Syndicate content

Zimbabwe’s economic crisis: will adopting foreign currency help to increase remittance flows through formal channels?

Sanket Mohapatra's picture

Zimbabwe's government recently announced a partial dollarization, declaring the U.S dollar and other foreign currencies as legal tender alongside the Zimbabwean dollar in its efforts to fight a crippling hyper-inflation (after announcing the launch of a 100 trillion Zimbabwean dollar note in January). This measure could make remittance transfers more visible.  These have been often sent through unofficial channels so far, the result of a large parallel market premium since the official exchange rate has lagged behind the parallel market rate.

The UN news agency IRIN reports that the long queues that used to form outside exchange bureaus (often for exchanging foreign currencies that were hand-carried and sent by other means by migrants into the country) have now shifted to the banks where formal money transfers are processed.

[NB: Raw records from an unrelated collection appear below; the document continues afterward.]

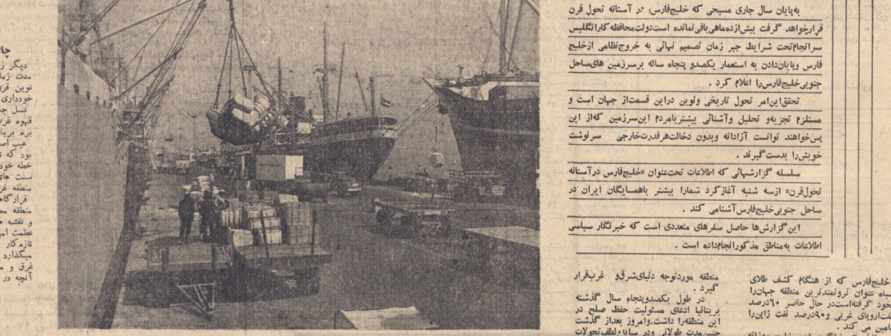
واینبار آفتاب استعمار در خلیج فارس. این پروژه بزرگ در حال انجام است و به زودی به پایان خواهد رسید.

واینبار آفتاب استعمار در خلیج فارس. این پروژه بزرگ در حال انجام است و به زودی به پایان خواهد رسید. این پروژه شامل احداث بندر و سایر تاسیسات است.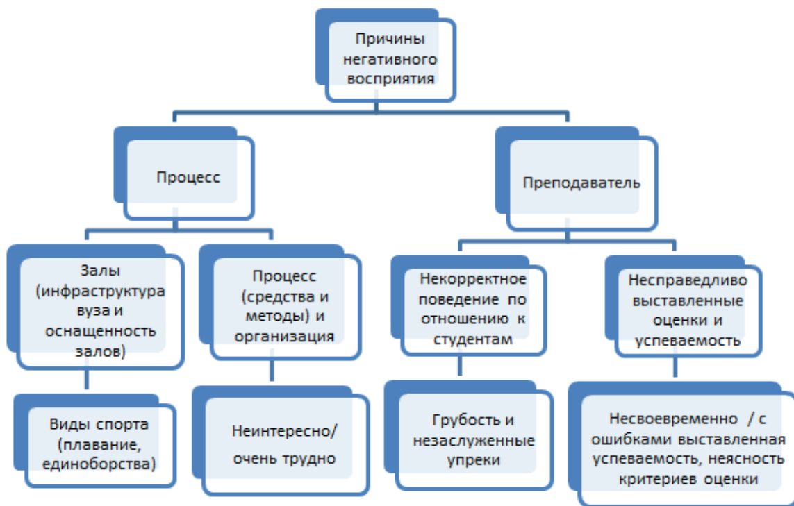
Рис. 1. Причины негативного восприятия студентами дисциплины «Физическая культура»

Вторая группа причин, наносящих урон престижу и значимости кафедры, относится к персоне самого преподавателя. Большое количество студентов отмечали проявление оппортунизма, которое выразалось в некорректном поведении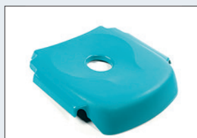
Réf. : 56-205 Assise de douche en plastique vert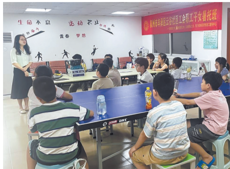
▲云谷社区“职工子女暑期托管班”解决了家长的“后顾之忧”

The ongoing economic and political crisis in Zimbabwe has caused GDP to collapse by more than 50 percent, inflation to reach 231 million percent in July 2008, and the share of people living in poverty to increase to more than 80 percent of the population. Remittances to Zimbabwe from its 3 million emigrants (a quarter of the population) who fled the crisis are estimated to be between $360 million to $1 billion annually—the actual figure is likely to be even higher. These flows may have helped to stave off a complete collapse of the country and even more misery for the poor.  
 
Some questions to consider:

  • With acceptance of foreign currencies as legal tender and elimination of the black market premium, will remittances through formal channels increase and will more of it reach the intended beneficiaries?
  • Will the share of remittances sent as goods or as coupons for purchase of certain types of goods such as petrol (through websites such as Mukuru.com) decline?
  • Will there be more acceptance and engagement with the Zimbabwean diaspora if their financial contribution is now more visible? 

Comments

Submitted by David Kuhn von Burgsdorff on
Most Zimbabwe's 2-3 million emigrants live in South Africa. Over the past few years, the majority of the total value of remittances from Zimbabweans living in South Africa seem to have been in kind; in the form of cooking oil, maize, clothes, and other consumer goods, due to the acute shortage of these goods in Zimbabwe. Following the return last year of a somewhat stable political and economic setting, goods have returned to the shelves, and with it, remittance flows have increasingly become monetary. The dollarization, and the acceptance of the SA Rand in Zimbabwe, seem to have been a strong stimulus for this development. However, it is estimated that over 90% of flows from South Africa to Zimbabwe are still informal, because the vast majority of migrants in South Africa remain undocumented, denying them access to form remittance channels (banks and money couriers). This means that migrants are forced to use informal channels and often face exorbitant charges of 20% or more. Since remittance flows seem to be elastic, a reduction in these costs and constraints faced would be likely to bring about a huge increase in recorded flows. Hence, in order for remittances to play an important role in the country's reconstruction, an acute development policy priority must be to do exactly that. I am actually just starting to write my Masters dissertation on precisely this topic; any comments/pointers would be much appreciated.